Oh, why are then why are then CGR? So yeah, course grained grain starts with a gr. Sorry about that. Let's see. I have another question. How would you start discovering the shadow it in your environment? I think that, again, a lot of the cloud access security broker vendors, their, their, their including, you know, vendors like net scope or evident, oh, or blue code or CipherCloud or sky high networks, quite a few vendors in the space, UHS are called recently, did a report on CASB vendors that you can look at as well.
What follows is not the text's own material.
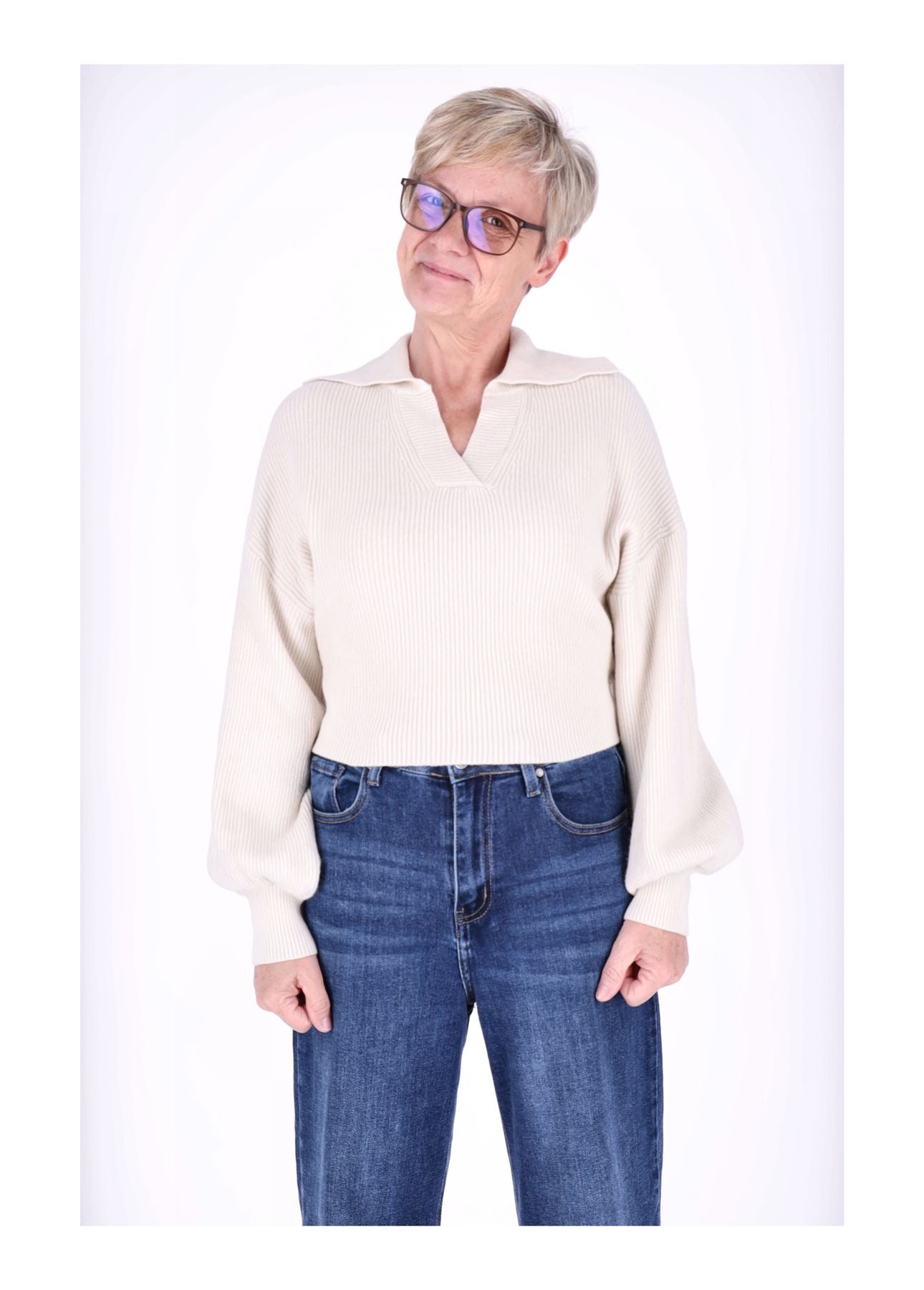 Das Highlight: ein klassischer Polokragen kombiniert mit einem V-Ausschnitt vorne, der deinem Outfit sofort einen eleganten, femininen Touch verleiht. Der Pullover lässt sich vielseitig kombinieren und passt perfekt zu Jeans, Röcken oder Stoffhosen.

A lot of them will offer a preliminary discovery engagement as a free service. If they think that your enterprise could be a actual client in the future. So I would, I would recommend doing a assessment of your cloud access security broker requirements. Do you need single sign on, do you need discovery? Do you need data leakage protection? Do you wanna try encrypting files in software as a service environments or other use cases that they work well for?
You know, and then, and then, you know, come up with a short list of cloud access, security brokers that you think you could use for some of those entry level requirements, and then see if they can prove their worth by helping you discover where your main risks are and how they could help out. Let me see if there's any other questions.
I, I, I, I think we have no further questions and we're at the top of the hour, so I will bring this to the close again, once again. Thank you very much for coming to the webinar.
I, I hope you've enjoyed it. And just going back to the first page again, you see my name and my email address. Feel free to contact me. If you have any further questions or contact Coser call, and you can arrange a inquiry.
If, if, if you want to go deeper into these topics. Thanks very much and have a great day of you're in the us and enjoy your dinner and your evening. If you're over in Europe, take care. Bye-bye.